On one had is the money they "could" make by introducing it by adverts, on the other is the potential number of existing customers who will jump to another ISP added to the number of potential customers not even looking at BT as an option when switching from their ISP. Their current subscribers direct debits are guaranteed income with most subscribers not bothering to look around. Not to mention dealing with Phorm gives you the badge of a pariah.

They could be right, in that it's more profitable to drop Phorm. That said, I'm not sure they dropped it permanently. They seem to have bought into the DPI advert injection model, so no doubt they will only put it into the "let's get back to that after the broohaha has calmed down" box before being reintroduced a couple of years from now under a different name with lessons learned about "how not to get caught". They may still face further legal / political fallout over what they've done to date with Phorm, so dropping Phorm may help mitigate any sanctions.

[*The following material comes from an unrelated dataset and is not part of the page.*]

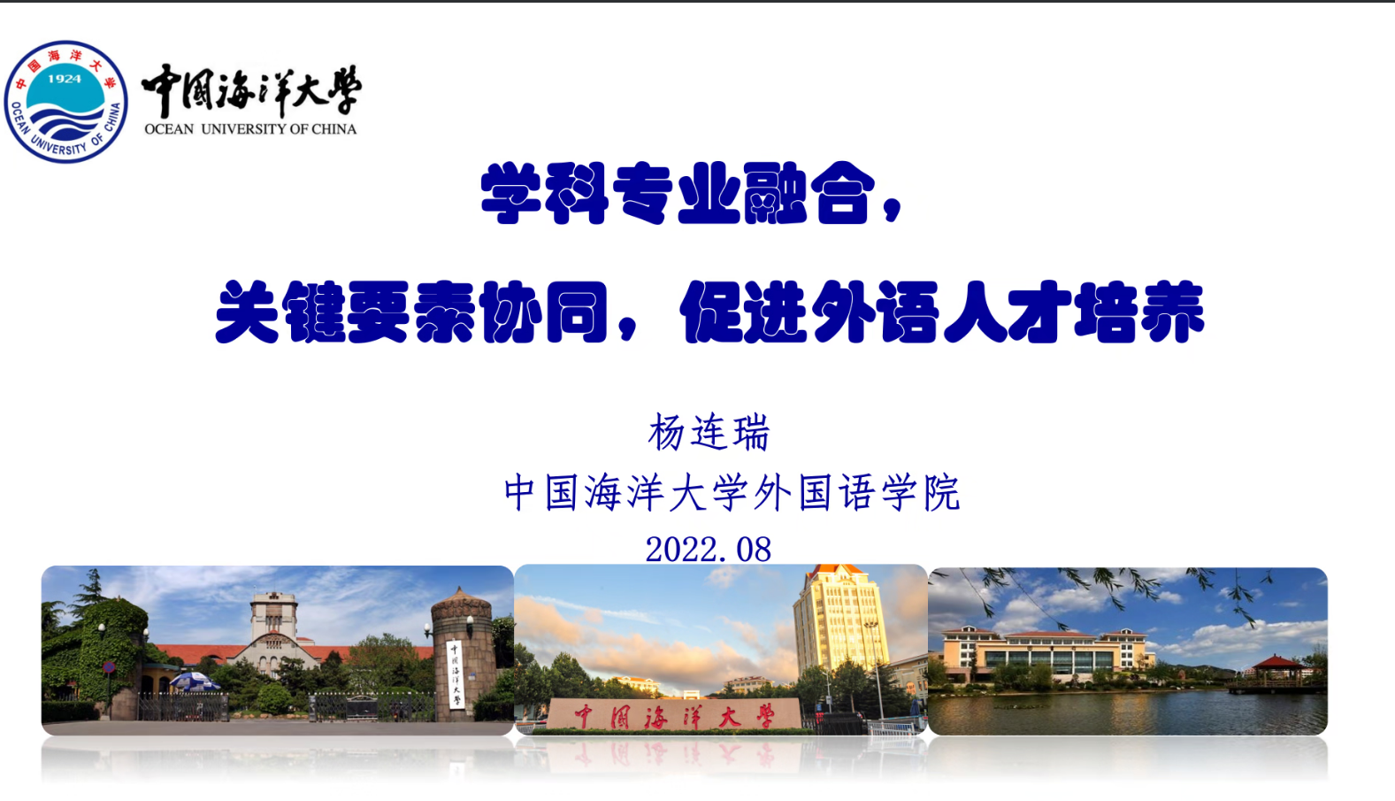 新学期伊始,皇冠体体育官网开展了本学期第一场学术活动。8月30日晚上7点,中国海洋大学皇冠体体育官网院长﹑博士生导师杨连瑞教授应邀在云端作了题为“融合学科专业,协同关键要素,促进外语人才培养”的学术讲座。此次讲座是皇冠体体育官网学科专业融合系列论坛的首场,讲座由院长谭燕保教授主持,皇冠体体育官网全体员工在线参加了此次讲座。

For those who are currently with BT and have reconsidered moving away after this announcement I say "watch this space, BT have proven themselves perfectly willing to fuck their customers over once, they will do it again". BT think they have done no wrong. They can't be trusted. They avoided police action in the UK, they may yet avoid other punishment, but consumers CAN punish them.

100% off topic - a small complaint (-1, Offtopic)

Bozovision (107228) | more than 4 years ago | (#28619449)

I would like to point out that the BBC [bbc.co.uk], Boingboing [boingboing.net], South Africa's Mail & Guardian [mg.co.za], the UK's Daily Mirror [mirror.co.uk], the bloody Katmandu, Nepal based Republica [myrepublica.com], and 632 news sources managed to report the announcement of Google Chrome OS before it was a glimmer in Slashdot's eye.

A very poor show for Slashdot, which is supposed to be news for nerds, stuff that matters.

Re:100% off topic - a small complaint (0, Offtopic)

ChienAndalu (1293930) | more than 4 years ago | (#28619495)

That firehose thingy has a few dozen submissions, but hitting the "+" doesn't really do anything.

Re:100% off topic - a small complaint (-1, Offtopic)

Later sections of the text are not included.